### [About this exercise]
Please copy every record below exactly, leaving out the pictures.

Dataset entries:
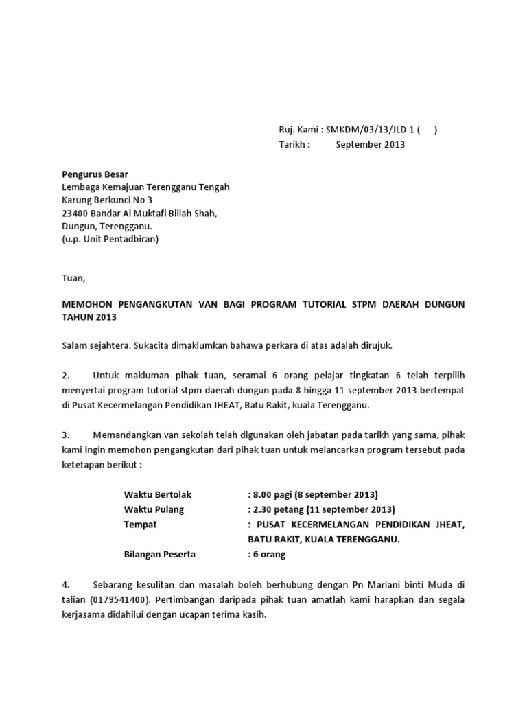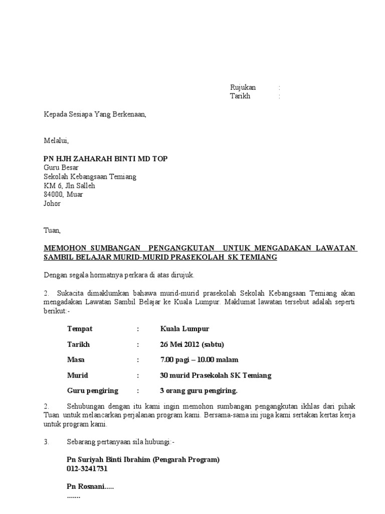 Contoh Surat Permohonan Pengangkutan Bas
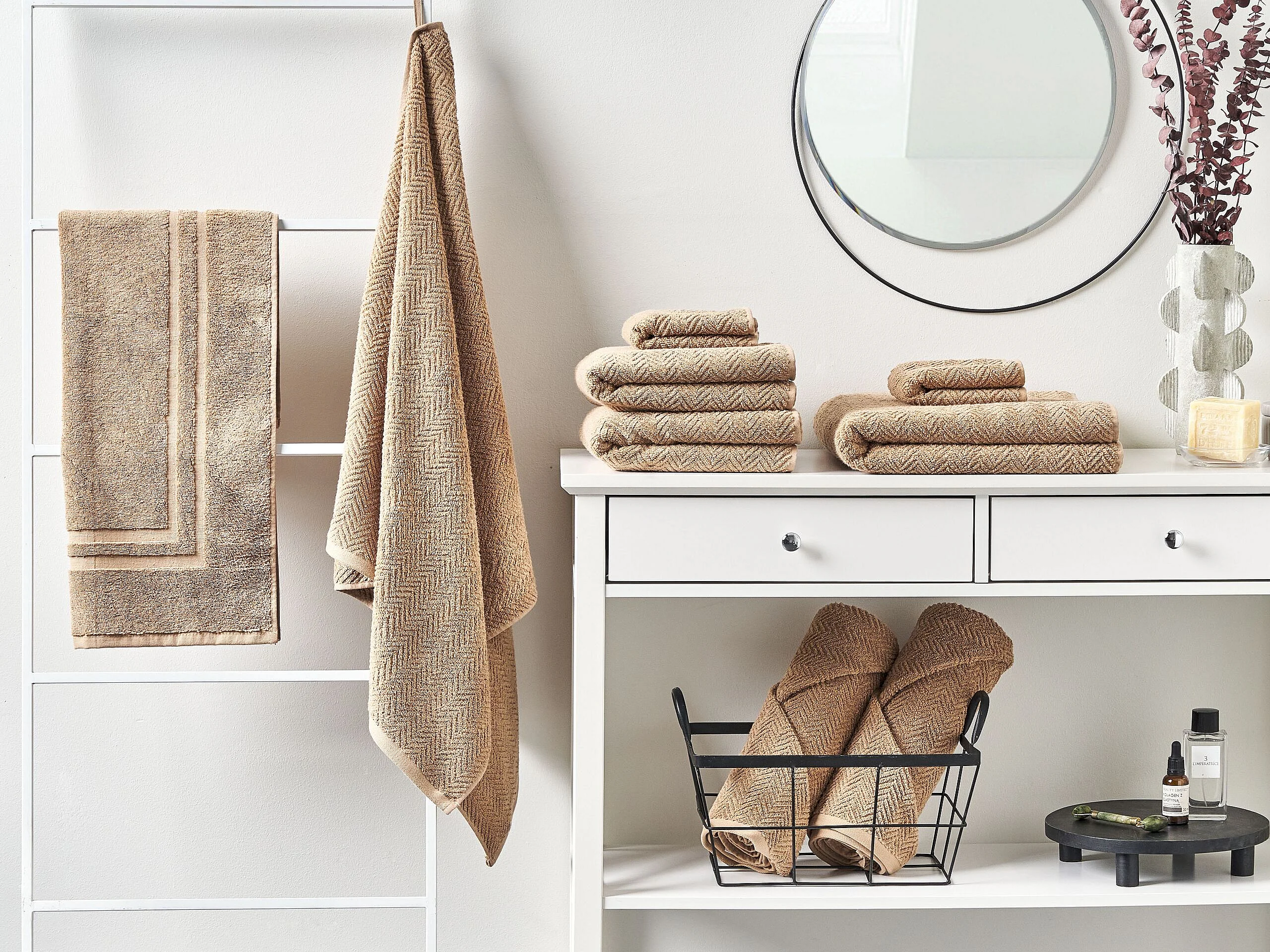 Luxus Handtuch Set mit Badematte Frottee Baumwolle beige 9-teilig Modern Mitiaro
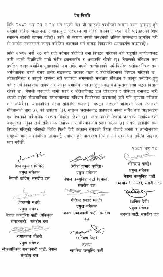 संयुक्त विज्ञप्तिमा नेपाली कांग्रेस, नेकपा (एमाले), नेकपा (माओवादी केन्द्र), नेकपा (एकीकृत समाजवादी), जनता समाजवादी पार्टी (जसपा), जनमत पार्टी, लोकतान्त्रिक समाजवादी पार्टी (लोसपा) र नागरिक उन्मुक्ति पार्टीको हस्ताक्षर छ।
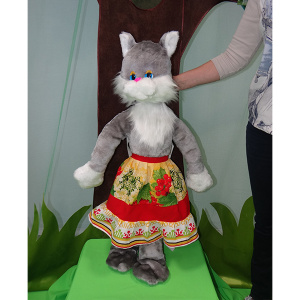 Мягконабивная кукла Кошки практически соразмерна росту ребенка. Дети могут управлять ее действиями, поскольку кукла имеет на ногах, руках и голове специальные элементы для фиксации к телу кукловода.
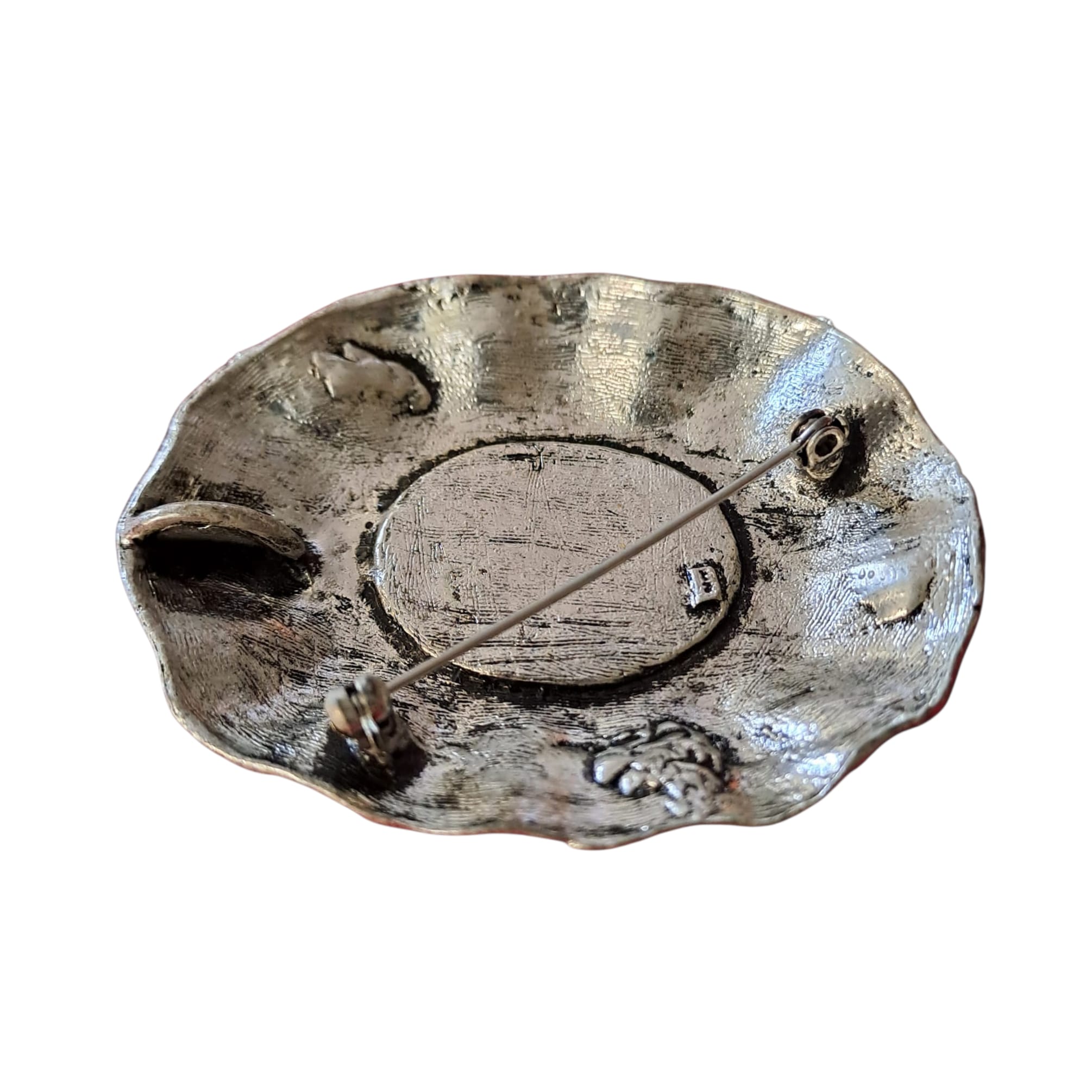 Brosă/Pandantiv Hibrid: Statement Ovală cu Design Brutalist Modernist și Cabochon Gri
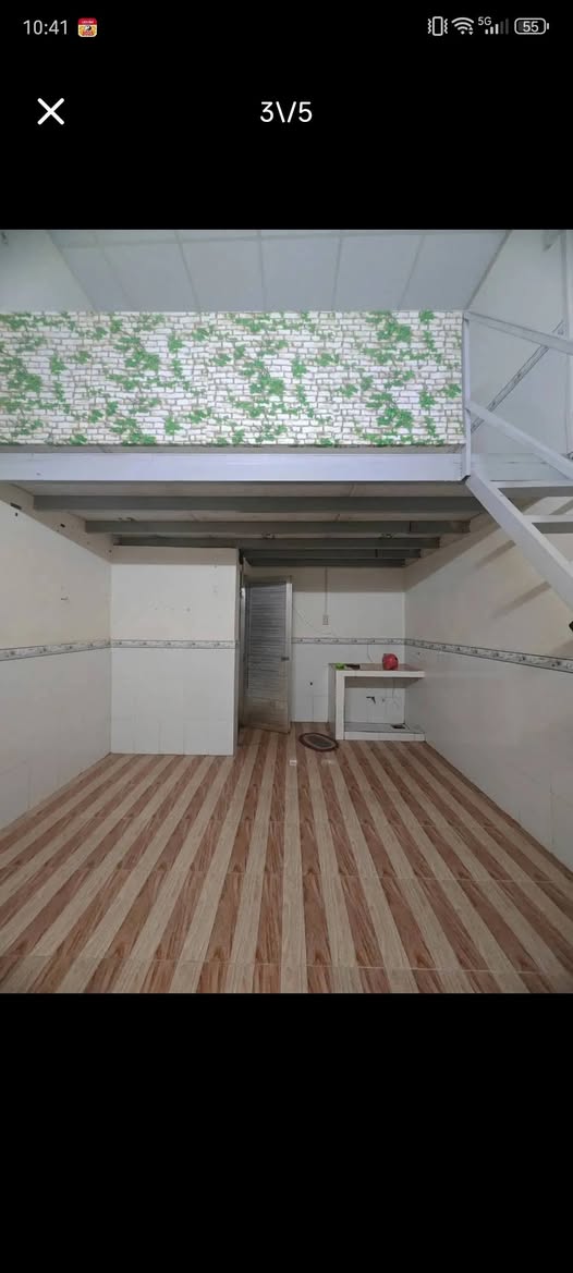 Phòng trọ có thiết kế trệt lững hiện đại, tối ưu hóa diện tích sử dụng. Diện tích mặt sàn là 4m x 4m, kết hợp với phần lững tạo nên tổng diện tích sử dụng ước tính khoảng 25m². Cấu trúc này rất phù hợp cho cá nhân hoặc cặp đôi, mang lại không gian sinh hoạt chung ở tầng trệt và khu vực nghỉ ngơi hoặc làm việc riêng tư trên gác lững.

### [Result of this exercise]
 Contoh Surat Permohonan Pengangkutan Bas
 Luxus Handtuch Set mit Badematte Frottee Baumwolle beige 9-teilig Modern Mitiaro
 संयुक्त विज्ञप्तिमा नेपाली कांग्रेस, नेकपा (एमाले), नेकपा (माओवादी केन्द्र), नेकपा (एकीकृत समाजवादी), जनता समाजवादी पार्टी (जसपा), जनमत पार्टी, लोकतान्त्रिक समाजवादी पार्टी (लोसपा) र नागरिक उन्मुक्ति पार्टीको हस्ताक्षर छ।
 Мягконабивная кукла Кошки практически соразмерна росту ребенка. Дети могут управлять ее действиями, поскольку кукла имеет на ногах, руках и голове специальные элементы для фиксации к телу кукловода.
 Brosă/Pandantiv Hibrid: Statement Ovală cu Design Brutalist Modernist și Cabochon Gri
 Phòng trọ có thiết kế trệt lững hiện đại, tối ưu hóa diện tích sử dụng. Diện tích mặt sàn là 4m x 4m, kết hợp với phần lững tạo nên tổng diện tích sử dụng ước tính khoảng 25m². Cấu trúc này rất phù hợp cho cá nhân hoặc cặp đôi, mang lại không gian sinh hoạt chung ở tầng trệt và khu vực nghỉ ngơi hoặc làm việc riêng tư trên gác lững.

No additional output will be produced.